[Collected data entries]
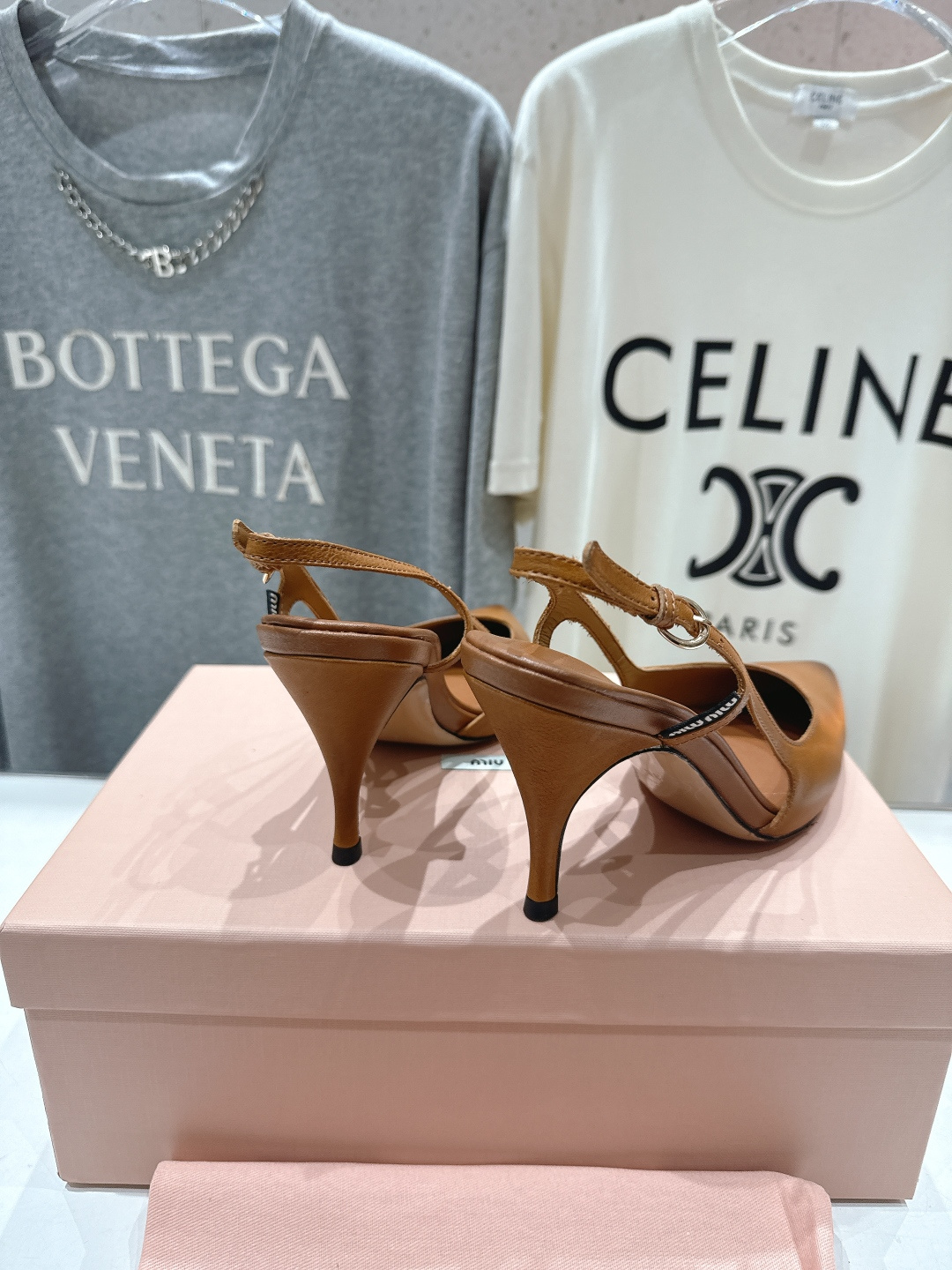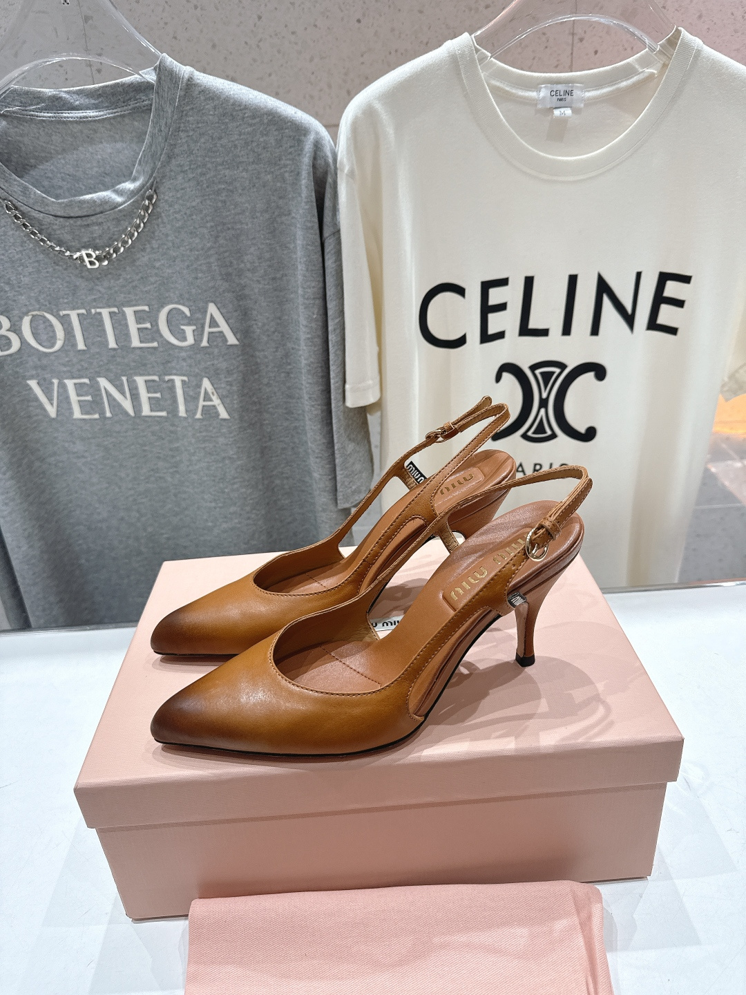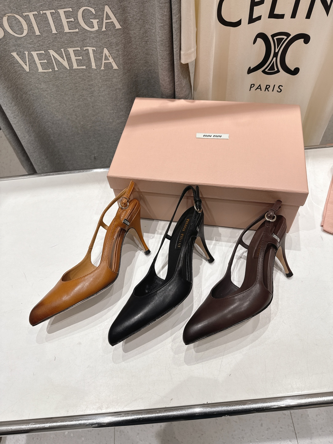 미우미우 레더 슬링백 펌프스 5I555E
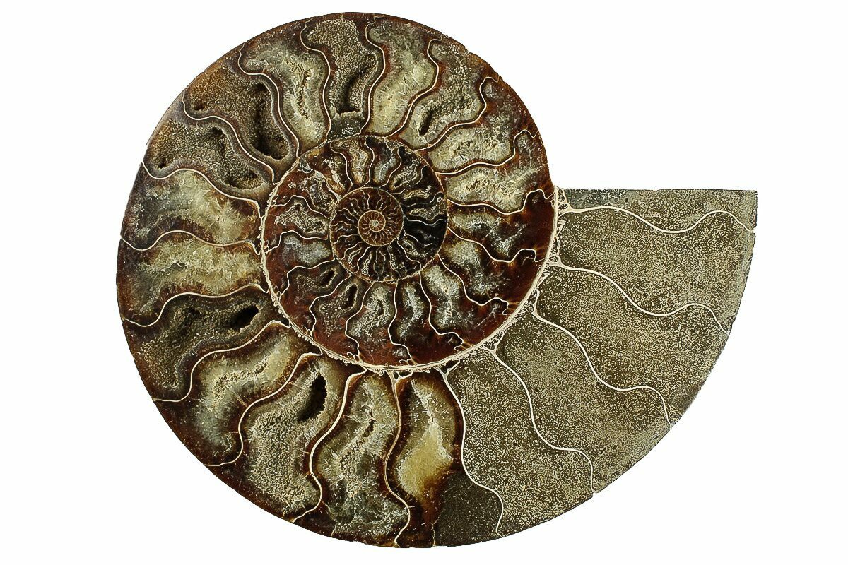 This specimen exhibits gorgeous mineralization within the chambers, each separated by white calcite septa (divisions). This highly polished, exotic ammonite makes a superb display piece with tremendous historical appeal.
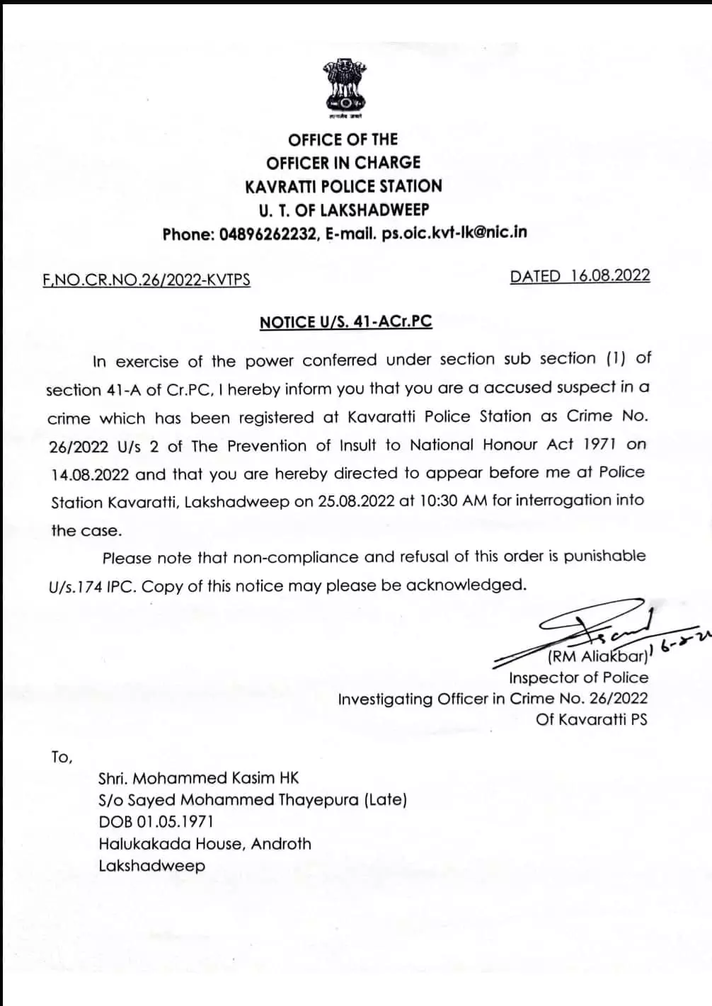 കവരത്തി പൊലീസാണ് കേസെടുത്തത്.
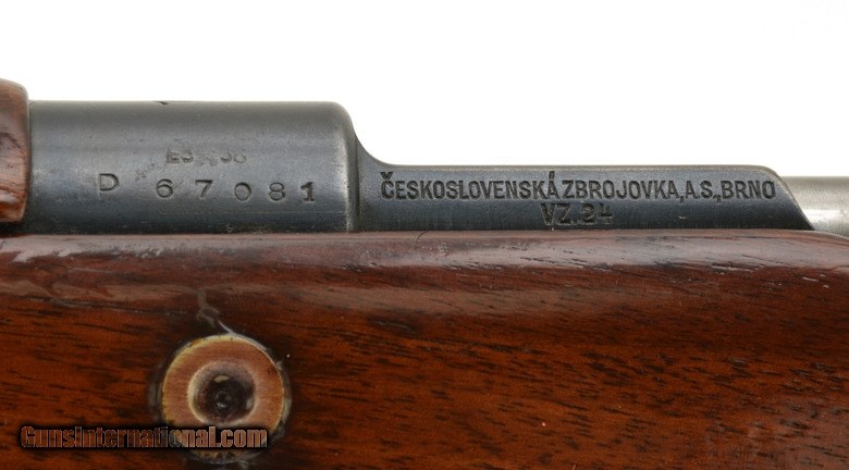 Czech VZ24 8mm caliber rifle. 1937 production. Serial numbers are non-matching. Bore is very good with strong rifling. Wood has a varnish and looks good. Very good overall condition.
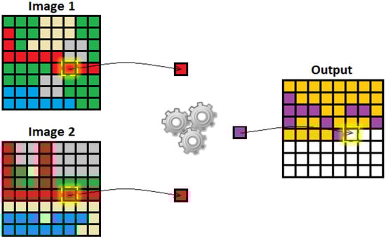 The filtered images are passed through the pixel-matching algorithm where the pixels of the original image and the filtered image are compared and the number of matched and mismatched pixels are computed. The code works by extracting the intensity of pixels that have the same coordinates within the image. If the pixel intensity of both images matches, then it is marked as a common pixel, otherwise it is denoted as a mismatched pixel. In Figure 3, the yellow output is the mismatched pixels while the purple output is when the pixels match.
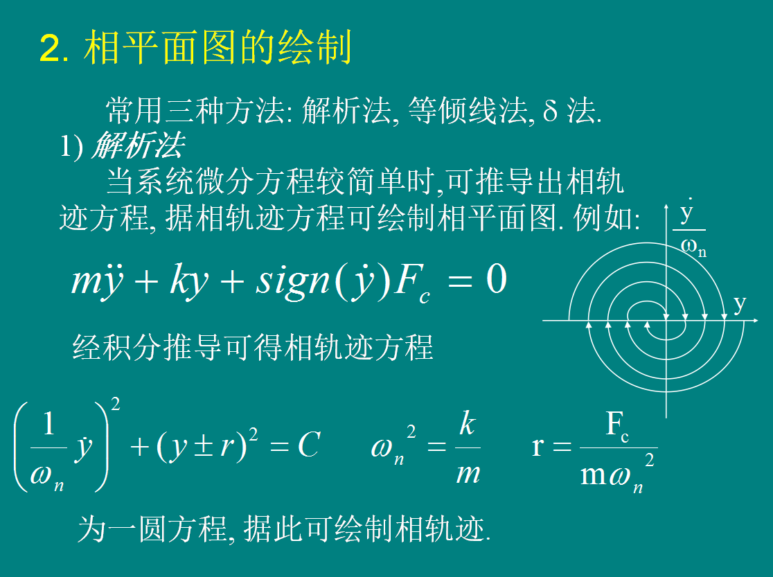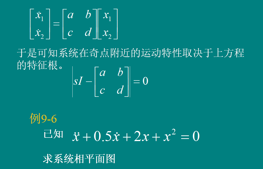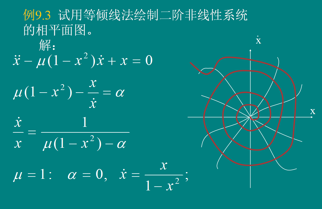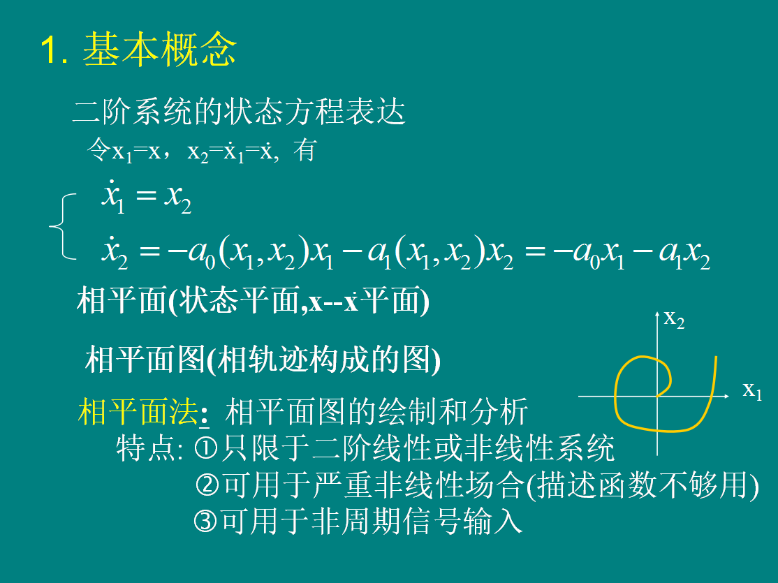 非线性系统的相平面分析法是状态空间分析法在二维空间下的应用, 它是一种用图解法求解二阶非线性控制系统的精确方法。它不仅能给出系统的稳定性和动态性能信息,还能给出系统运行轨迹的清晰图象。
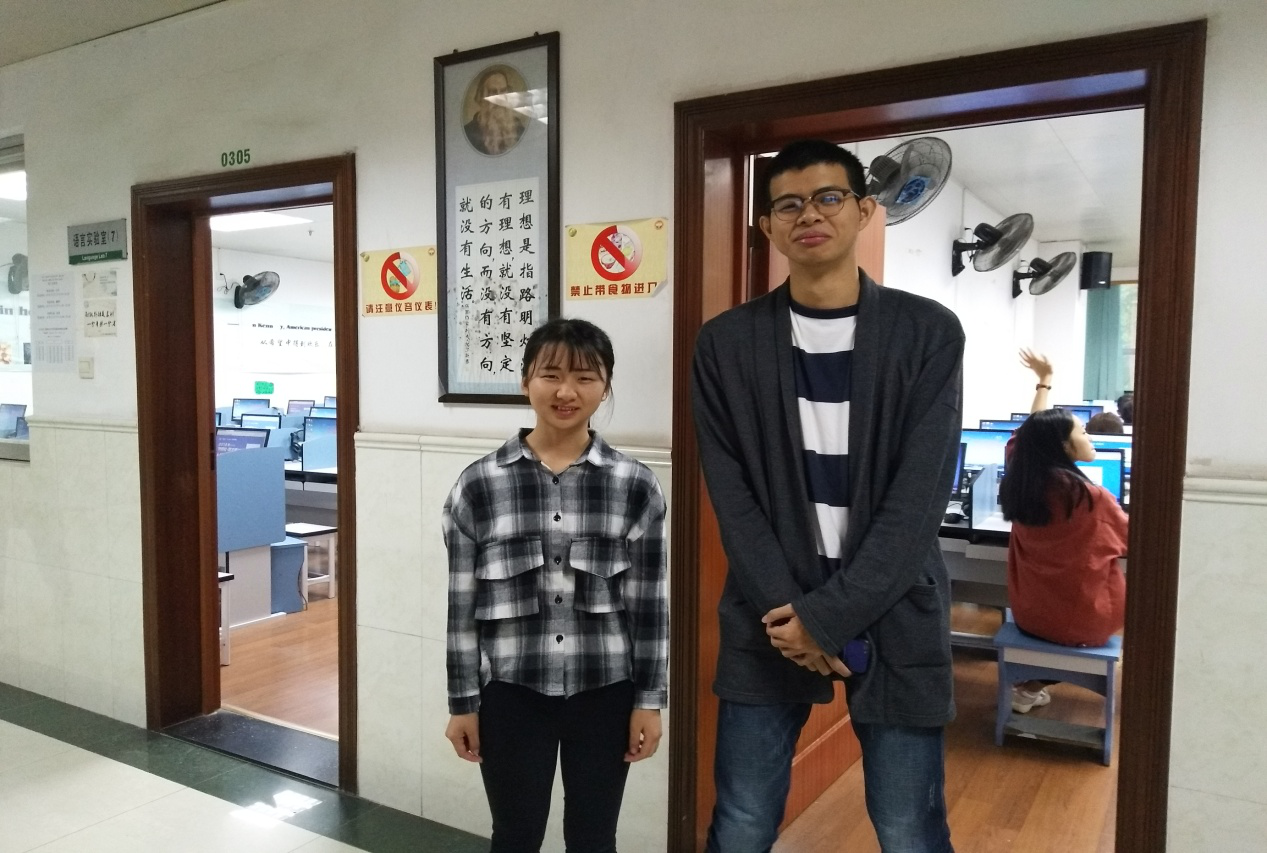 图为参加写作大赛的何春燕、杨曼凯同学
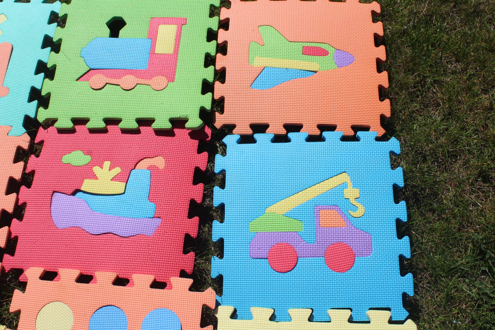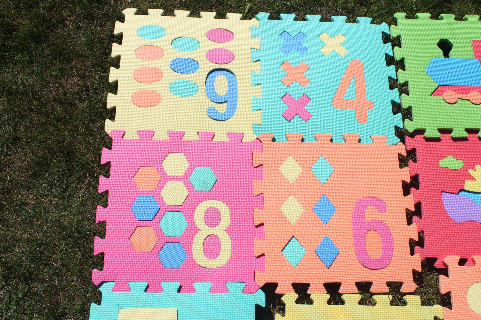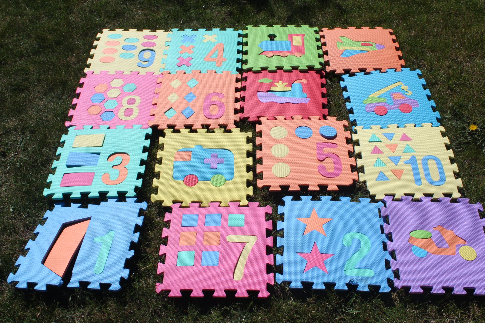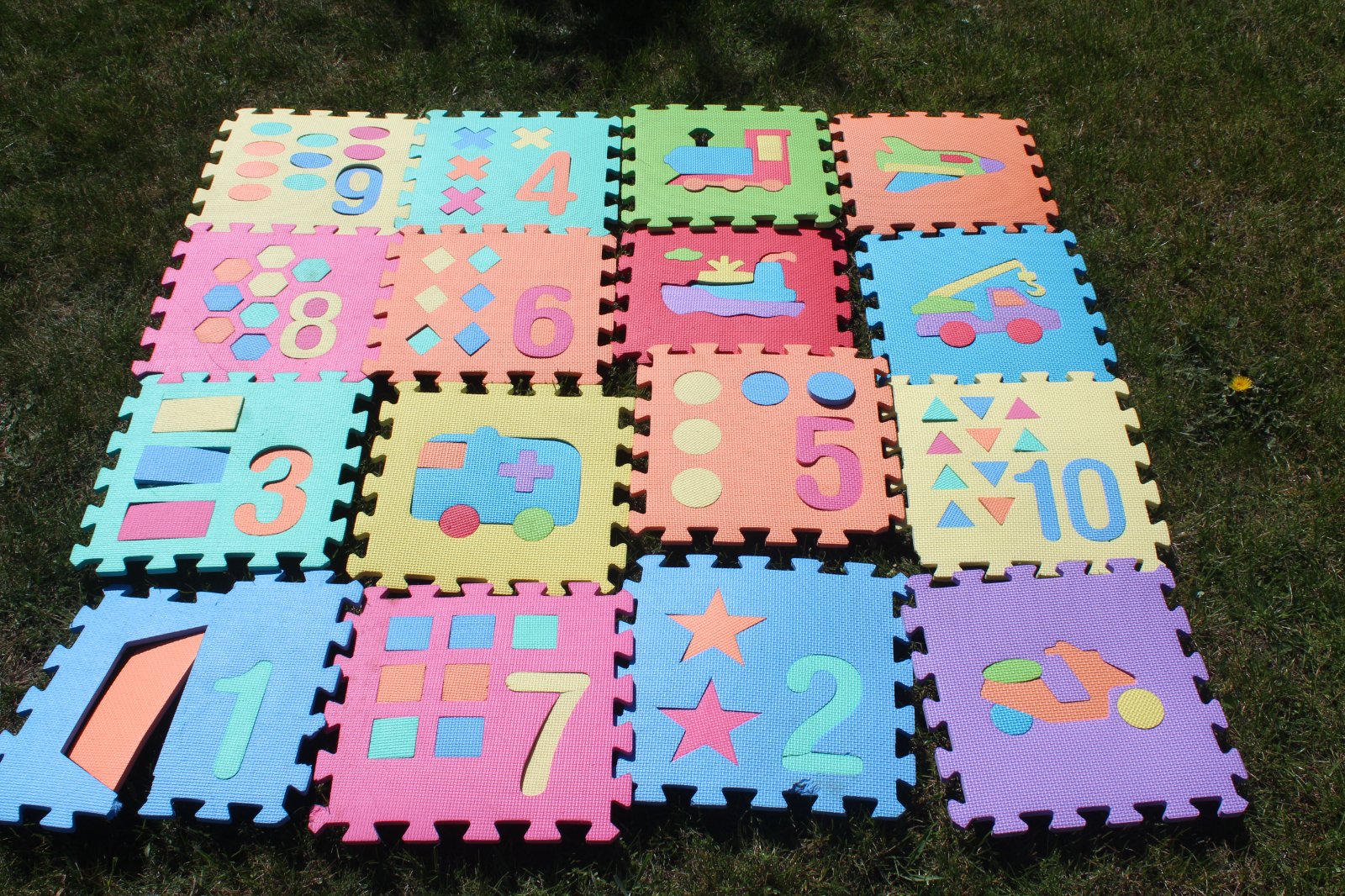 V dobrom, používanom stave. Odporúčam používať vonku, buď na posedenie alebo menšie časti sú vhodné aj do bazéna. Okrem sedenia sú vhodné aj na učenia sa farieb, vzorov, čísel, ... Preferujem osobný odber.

**What is needed**: Your copy should hold each line above exactly and no pictures at all.

**Solution to this exercise**:
 미우미우 레더 슬링백 펌프스 5I555E
 This specimen exhibits gorgeous mineralization within the chambers, each separated by white calcite septa (divisions). This highly polished, exotic ammonite makes a superb display piece with tremendous historical appeal.
 കവരത്തി പൊലീസാണ് കേസെടുത്തത്.
 Czech VZ24 8mm caliber rifle. 1937 production. Serial numbers are non-matching. Bore is very good with strong rifling. Wood has a varnish and looks good. Very good overall condition.
 The filtered images are passed through the pixel-matching algorithm where the pixels of the original image and the filtered image are compared and the number of matched and mismatched pixels are computed. The code works by extracting the intensity of pixels that have the same coordinates within the image. If the pixel intensity of both images matches, then it is marked as a common pixel, otherwise it is denoted as a mismatched pixel. In Figure 3, the yellow output is the mismatched pixels while the purple output is when the pixels match.
 非线性系统的相平面分析法是状态空间分析法在二维空间下的应用, 它是一种用图解法求解二阶非线性控制系统的精确方法。它不仅能给出系统的稳定性和动态性能信息,还能给出系统运行轨迹的清晰图象。
 图为参加写作大赛的何春燕、杨曼凯同学
 V dobrom, používanom stave. Odporúčam používať vonku, buď na posedenie alebo menšie časti sú vhodné aj do bazéna. Okrem sedenia sú vhodné aj na učenia sa farieb, vzorov, čísel, ... Preferujem osobný odber.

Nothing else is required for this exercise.